Они позавтракали в маленькой гостинице в горах и снова тронулись в путь. Погода была прекрасная, горы открывались во всем своем великолепии. Несколько раз Стаффорд Най вдруг спохватывался: как это его угораздило сюда забраться? Он все меньше и меньше понимал поведение своей спутницы. Она почти не разговаривала с ним. Он поймал себя на том, что не сводит глаз с ее чеканного профиля. Куда они едут? И зачем? Наконец, когда солнце почти закатилось, он спросил:
— Можно спросить, а куда мы едем?
— Спросить можно.
— Но вы не ответите.
— Могла бы. Могла бы что-нибудь сказать, только зачем? Мне кажется, будет лучше, если вы все увидите и узнаете сами, а не с моих слов. В этом случае ваши впечатления будут более полными.

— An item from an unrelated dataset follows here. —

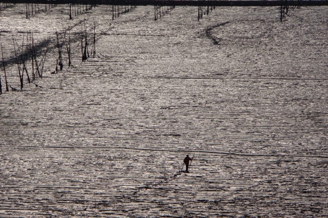 그 자신은 깨닫지 못하지만 풍경이 되어 살아가는 사람들. 풍경과 분리되지 않고 풍경 속에 녹아들어 풍경의 일부가 되어버린 사람들. 한운리 갯벌의 풍경은 마침내 저 어부로 인해 완성된다. 과거에 흔했던 갯벌의 풍경은 이제 전설이 되어가고 있다. 매립과 간척으로 갯벌이 사라져가는 시대. 갯벌이 사라지면서 그물을 치는 어부들도 사라져버렸다. 갯벌의 저 어부는 끝내 알지 못하리라. 그 자신이 갯벌 어업의 마지막 페이지를 장식하는 역사의 주인공이라는 사실을. 그래서 저 풍경은 장 프랑수아 밀레의 그림 <만종> 같다. 저것은 필시 갯벌의 ‘만종’이다.

Он вновь посмотрел на нее. Твидовое пальто, отороченное мехом, прекрасно сидело на ней — отличная вещь для дороги, фасон явно не английский.
— Мэри Энн, — произнес он раздумчиво. В его голосе прозвучал невысказанный вопрос.
— Нет, — сказала она. — Пока еще нет.
— Значит, вы еще графиня Зерковски?
— Да. Сейчас я графиня Зерковски.
— Здесь ваши родные места?
— Почти. Здесь прошло мое детство. Когда я была совсем маленькой, мы по многу месяцев проводили в замке. Это в нескольких милях отсюда.
Он улыбнулся:
— Какое солидное слово. Замок, Schloss[114]
. В нем есть что-то непоколебимое.— В наше время замки потеряли и солидность и непоколебимость. Они по большей части лежат в руинах.
— Это родина Гитлера, не так ли? Мы, кажется, неподалеку от Берхтесгадена?
— Это в той стороне, на северо-востоке.
— А ваша родня, ваши друзья — они приняли Гитлера, поверили в него? Простите, мне, наверное, не стоило об этом спрашивать.
— Они не признавали ни его самого, ни того, что он собой олицетворял. Но они говорили «Хайль Гитлер». Они приняли то, что случилось с их родиной. Что им еще оставалось делать? Что могли люди сделать в то время?
— Мне кажется, мы направляемся к Доломитам?
— Какое значение имеет то, где мы находимся и куда направляемся?
— Ведь это исследовательская экспедиция, не так ли?
— Да, но наша цель — не географические исследования. Мы встретимся с некой личностью.
— Вы знаете, после ваших слов мне стало казаться, — сэр Стаффорд глянул вверх, где громоздились, взбираясь к небу, горные склоны, — что мы собираемся нанести визит самому Старцу, Властелину Горы.
— Вы говорите о Повелителе ассасинов[115]
, который одурманивал своих воинов наркотиками, так что они умирали за него с радостью, уверенные, что попадут прямо в рай — прекрасные гурии[116], гашиш[117], эротические сны — беспредельное и нескончаемое счастье.Она немного помолчала и добавила:
— Чародеи! Я думаю, они были на земле от начала веков. Люди, которые умели зачаровывать и заставлять верить в себя, так что вы готовы были отдать за них жизнь. Не только ассасины — христиане тоже так умирали.
— Святые мученики? Лорд Альтамаунт?
— Почему вы вспомнили лорда Альтамаунта?
— Таким я его увидел — внезапно — в тот вечер. Словно каменное изваяние в готическом[118]
соборе.— Кому-то из нас, возможно, придется умереть. Может, даже многим.
Он хотел ответить, но она продолжала:
— Иногда мне приходят в голову слова из Евангелия. Кажется, от Луки[119]
. На Тайной Вечери[120] Христос говорит своим ученикам: вы мои друзья и сотрапезники, но один из вас дьявол. Так что вполне возможно, что один из нас тоже дьявол.— Вы так думаете?
— Почти уверена. Кто-то, кого мы знаем, кто пользуется нашим доверием, но засыпает не с мыслями о мученической кончине, а о горсти сребреников и, просыпаясь, чувствует в ладони их тяжесть.
— Корыстолюбие?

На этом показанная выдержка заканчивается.